» **ABOUT THIS EXERCISE**
Take the lines from the line containing "- Conditie: Licht" through the end of the entries and output them exactly, with no pictures and nothing more.

/---

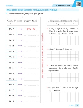 ÇARPMA İŞLEMİNİN SONUCUNU TAHMİN ETME / ÇARPMA İŞLEMLERİ İLE İLGİLİ PROBLEMLER
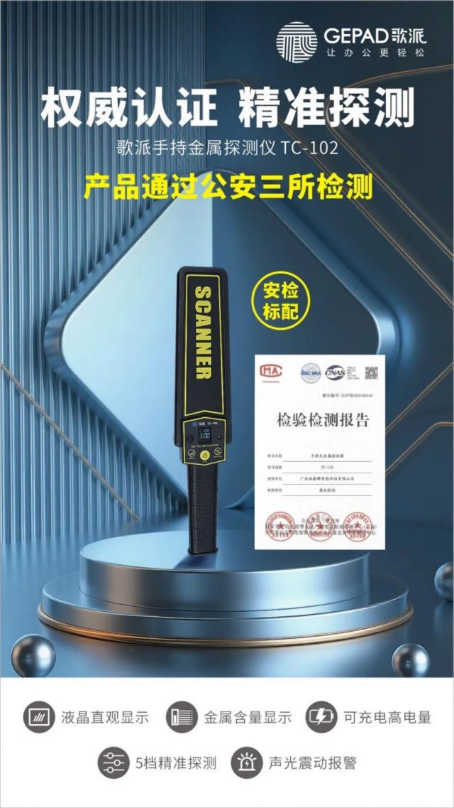 考场的安检工作需要对考生进行全面细致的检查,而歌派手持金属探测器是安检人员近距离、精细化检查的有效工具。 歌派手持金属探测器内置大规模感应线圈,可以快速准确地检测出考生携带的金属物品。检测金属和违禁品时,会有光控和振动报警的双重提醒,让考试安检人员及时发现和处理问题。商品已经通过了公安三所检验,权威认证!
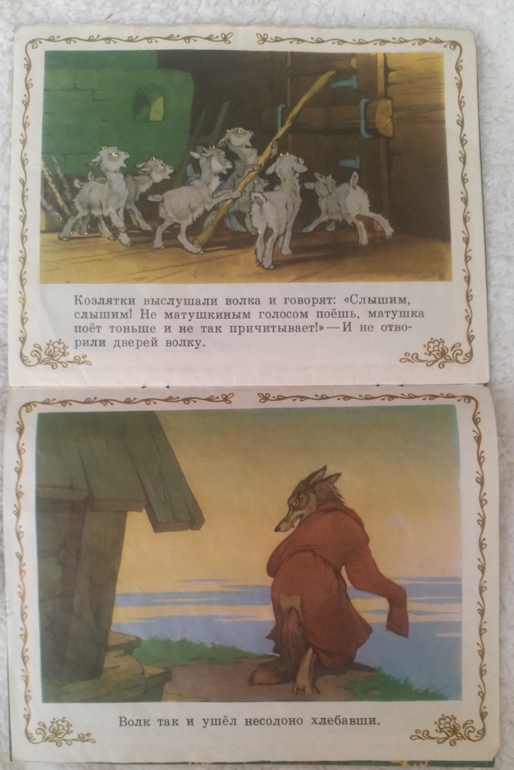 4. Козлятки и волк. Русская народная сказка в обработке К.Ушинского с иллюстрациями П.Репкина. Год издания примерно 1989, а вот издательство не смогла определить (написано про оригиналы, про какой-то комбинат игрушек и все).
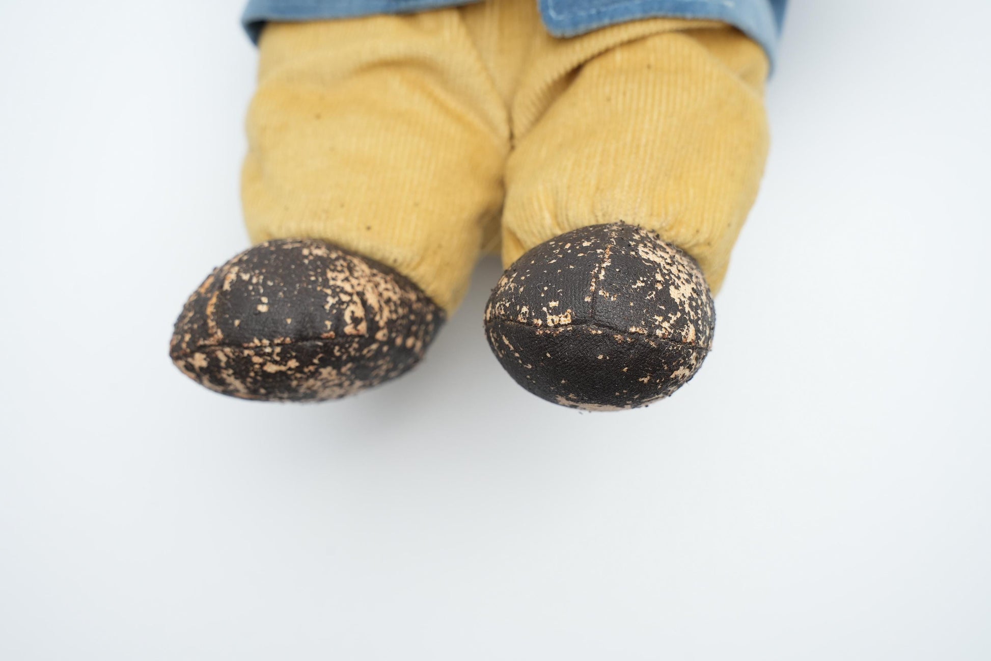 - Conditie: Licht gebruikt, met lichte slijtage aan de schoenen en jas, maar in goede vintage staat. Het originele label is aanwezig.
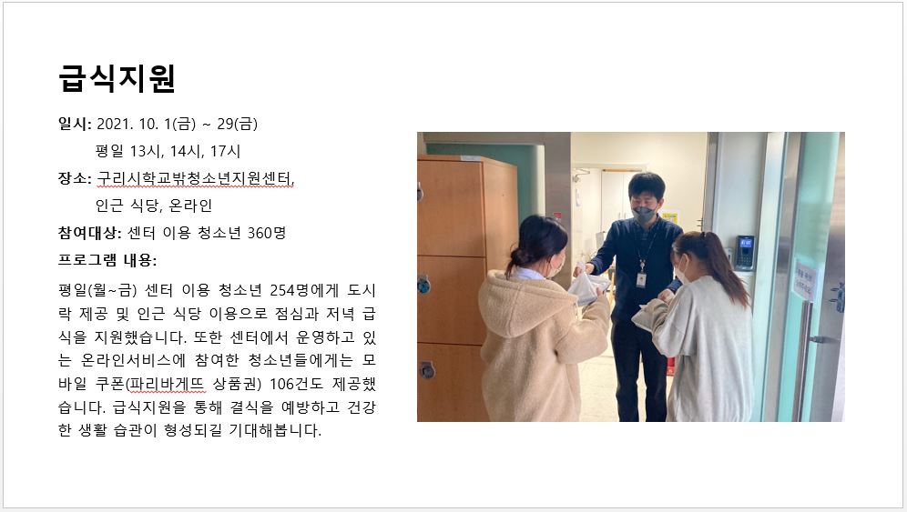 2021년 10월 급식지원(학교밖) 작성자 관리자 등록일자 2022년 1월 10일 11시 52분 47초 조회 476 학교밖-급식지원(10월).JPG [ Size : 78.22KB , Down : 222 ] 미리보기 다운로드 목록보기
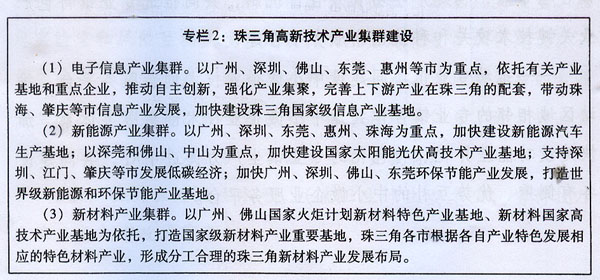 ——打造高新技術(shù)產(chǎn)業(yè)集群。積極落實《廣東省高新區(qū)創(chuàng)新型產(chǎn)業(yè)集群建設(shè)方案》(粵科函高字〔2012〕893號),加快建設(shè)深圳下一代互聯(lián)網(wǎng)、惠州智能終端與云計算應(yīng)用、中山健康科技等國家創(chuàng)新型產(chǎn)業(yè)集群建設(shè)試點,培育和建設(shè)廣州北斗衛(wèi)星導(dǎo)航、珠海軟件及集成電路設(shè)計等省級創(chuàng)新型產(chǎn)業(yè)集群,推進各高新園區(qū)形成優(yōu)勢特色產(chǎn)業(yè)。具體詳見專欄2。

\---

» **ANSWER SPACE**
 - Conditie: Licht gebruikt, met lichte slijtage aan de schoenen en jas, maar in goede vintage staat. Het originele label is aanwezig.
 2021년 10월 급식지원(학교밖) 작성자 관리자 등록일자 2022년 1월 10일 11시 52분 47초 조회 476 학교밖-급식지원(10월).JPG [ Size : 78.22KB , Down : 222 ] 미리보기 다운로드 목록보기
 ——打造高新技術(shù)產(chǎn)業(yè)集群。積極落實《廣東省高新區(qū)創(chuàng)新型產(chǎn)業(yè)集群建設(shè)方案》(粵科函高字〔2012〕893號),加快建設(shè)深圳下一代互聯(lián)網(wǎng)、惠州智能終端與云計算應(yīng)用、中山健康科技等國家創(chuàng)新型產(chǎn)業(yè)集群建設(shè)試點,培育和建設(shè)廣州北斗衛(wèi)星導(dǎo)航、珠海軟件及集成電路設(shè)計等省級創(chuàng)新型產(chǎn)業(yè)集群,推進各高新園區(qū)形成優(yōu)勢特色產(chǎn)業(yè)。具體詳見專欄2。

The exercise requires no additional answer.